Joplin High School Eagles start school in a new "nest"
JOPLIN - Joplin High School students started school Tuesday in the first building to support all four classes in more than three years.
After the EF-5 tornado destroyed homes, businesses and the high school, the students jumped between different facilities at each grade level.
Cole Carver is starting his second year in high school. He said he is most excited about the school's athletic center, which includes a 2,500-seat gymnasium and two auxiliary gyms.
"It's massive," Carver said. "I went in and saw everything and it's insane."For the older students, principal Kerry Sachetta said the school is a symbol to the future.
"We didn't want to put a lot of reminders of the tornado in the building," Sachetta said. "They have been through a lot."
When the tornado hit, the senior class had just finished middle school.

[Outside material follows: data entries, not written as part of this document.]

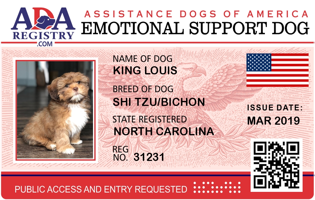 Emotional Support Dog Registration for King Louis
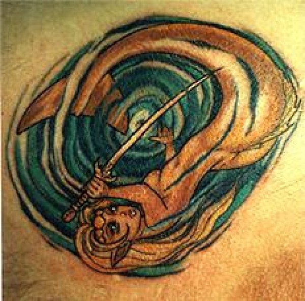 背部彩色美人鱼和漩涡纹身图片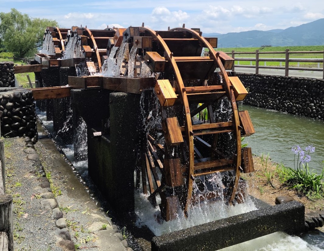 | [言い伝え・概要] | 筑後川の水を堀川用水に取水するために、およそ230年前自動回転式の重連水車が設置され、日本最古の実動する水車として、また夏の風物詩として全国でも有名となっている「朝倉の揚水車群」は、平成2年に「堀川用水」と共に国の史跡に指定されている。

As the students entered high school months after the tornado, the community managed to make it work.
"I was kind of devastated I mean at the time I didn't think we would even go to school that year or start school in Joplin." Senior Ashley Nicholson said.
"The old campus it was almost a hundred years old but we had 1000 kids in a building that was really built for 8 to 900 kids," Sachetta said.
Then, the students moved to a mall for temporary schooling.
Senior Saniya Ablatt said her experiences at the two other temporary schools made her appreciate the new building more.
"To be able to say I'm a senior graduating as the very first class of a real high school experience in this amazing school is one of the most fulfilling things that I'll be able to say this year," Ablatt said.
The 487,937 square-foot school can accommodate more than 2,500 students. It has four student/staff safe room and one community safe room. But for some, having everyone reunited under the same roof is the school's best quality.
"You couldn't get everyone together for a pep rally at the old campuses," Sachetta said. "We'll be able to rock the house this year."
"As a student who had some classes in one campus and some in another, I can say it's been a mixed experience," Ablatt said. "Not only does having this school finished mean we're coming together as 9, 10, 11, and 12th graders, but we're also coming together as a community to show that Joplin is really strong."
The estimated high school construction cost is $121.5 million.